Tuesday, December 11, 2012

Booker's "Humble" Food Stamp Campaign Highlights the Immorality of the Food Stamp Program

Newark, New Jersey Mayor Cory Booker, a possible 2013 challenger to Governor Chris Christie,   recently drew attention the the plight of the poor food stamp recipient, getting his picture on the front page of NJ's largest newspaper, the Star-Ledger. David Giambusso reported:


In Newark Mayor Cory Booker’s career of glitzy photo shoots, this was by far the most humble.

He stood in his kitchen Tuesday, glumly assessing the 17 cans of beans, seven yams, two bags of frozen vegetables and two apples that will constitute his diet for the next seven days as he embarked on a week-long effort to shed light on the plight of roughly 46 million Americans who rely on food stamps to survive. 

Many commenters on this article, including some self-described "liberals," pointed out that food stamps were never intended to be more than a supplement.

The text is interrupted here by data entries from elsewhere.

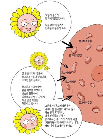 몽고메리결절과 유사하게 보이는 유방 증상들이 꽤 많습니다. 육안상 유사해 보여도 원인이 전혀 다르기 때문에 오진하거나 치료 시기를 놓치는 경우도 있어요.
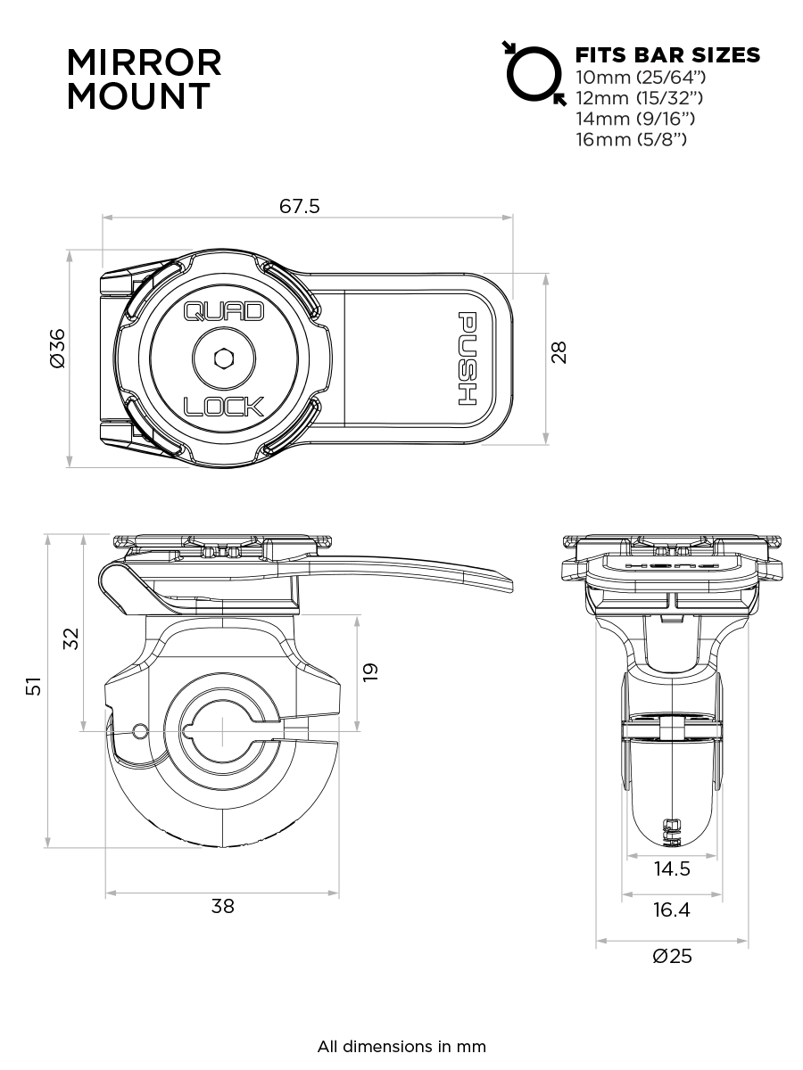 - 1 x Podstawa montowana na lusterku Quad Lock®
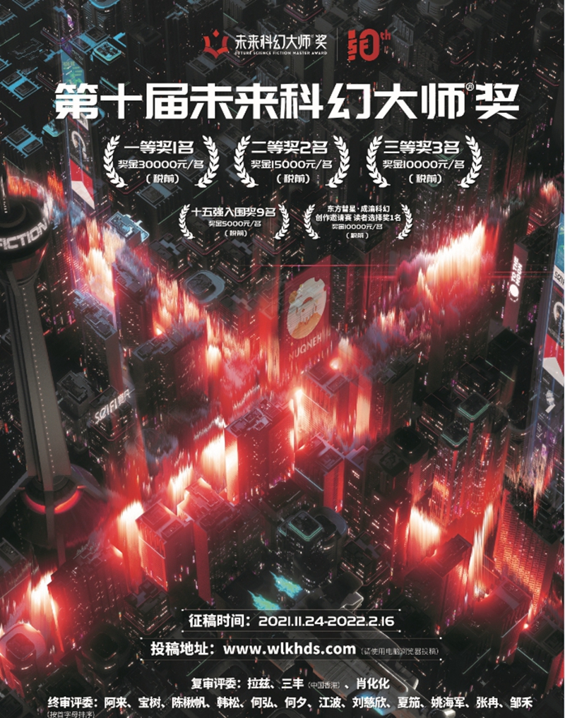 第十届“未来科幻大师奖”由中国科学技术协会科普部、电竞竞猜官网网络文学中心、成都市互联网信息办公室指导,成都市互联网文化协会、重庆出版集团、赛凡科幻空间主办。据成都市互联网文化协会相关负责人介绍,本届“未来科幻大师奖”共征集有效中短篇作品919篇,近1200万字,内容包含未来城市、宇宙航空、未来科技等主题,投稿作者遍布全国25省(自治区、直辖市),参选作品数量再创历届新高、投稿作者更加广泛、“大师奖”品牌效应更加显著。且本届大赛评审机制提档升级,一是评审流程更加公正透明,初审、复审、终审等环节中采用作者匿名评审、分组交叉审阅、复审现场直播等多种形式;二是评委阵容更加权威,终审环节由刘慈欣、阿来、姚海军等十二位科幻专家组成,力求以更加专业、独到、精准的视野评选出更多优秀作品。

But, notice the switch taking place here: from taking care of yourself with some government "assistance," to relying solely on government for your entire diet.

Full, undiluted socialism is total dependence on government for all of our needs and wants. If our welfare state ever evolves into full socialism, it is by means of smuggling in the concept of total dependence as the goal of government programs.

Giambusso's article included a quote from Booker that served as the opening of my comments:


"People have a real lack of understanding of the struggles that many families have to go through — hard working families that play by the rules...."

Well, the hard working people whose money is forcibly confiscated through taxes to pay for SNAP play by the rules, too. Don't they count, or do we evade their existence? 


Championing the cause of alleviating "hunger" is one thing, and there are certainly some citizens needing assistance.  Whether someone is worthy of help is a voluntary private judgement that properly belongs to private individuals voluntarily donating their own money based on their own values. But any initiative that begins with theft is immoral.


Considering the monumental size of our government's fiscal woes, the food stamp program is small potatoes. I would start solving our problems by attacking, say, corporate welfare--all of it, including the politically correct sacred cows like solar subsidies. But, since Booker draws attention to it, the food stamp program is as good a place as any to highlight the basic problem. The "Fiscal Cliff" is really an ethical cliff, and we went over it long ago, when we decided that theft is ok, as long as someone "needs" something and the theft is legal. When we handed the government the power to redistribute wealth, we handed politicians a moral blank check, allowing them to side-step the criminal laws that private citizens must live by. 


The acceptance of the idea that someone's need is a license to steal from others is not the mark of a humane culture, but a corrupt one.


Related Reading:


From Middle Class to Welfare Class

Where to Cut the Federal Budget? Start by Killing Corporate Welfare, by Doug Bandow

2 comments:

Steve D said...

'I would start solving our problems by attacking, say, corporate welfare'

Practically, this makes more sense as well. Some ways of moving towards capitalism are better than others. As businesses become more productive, there will be jobs created and less and less excuse for people to even be on food stamps.

principled perspectives said...

Good point. I think it's more practical politically, too.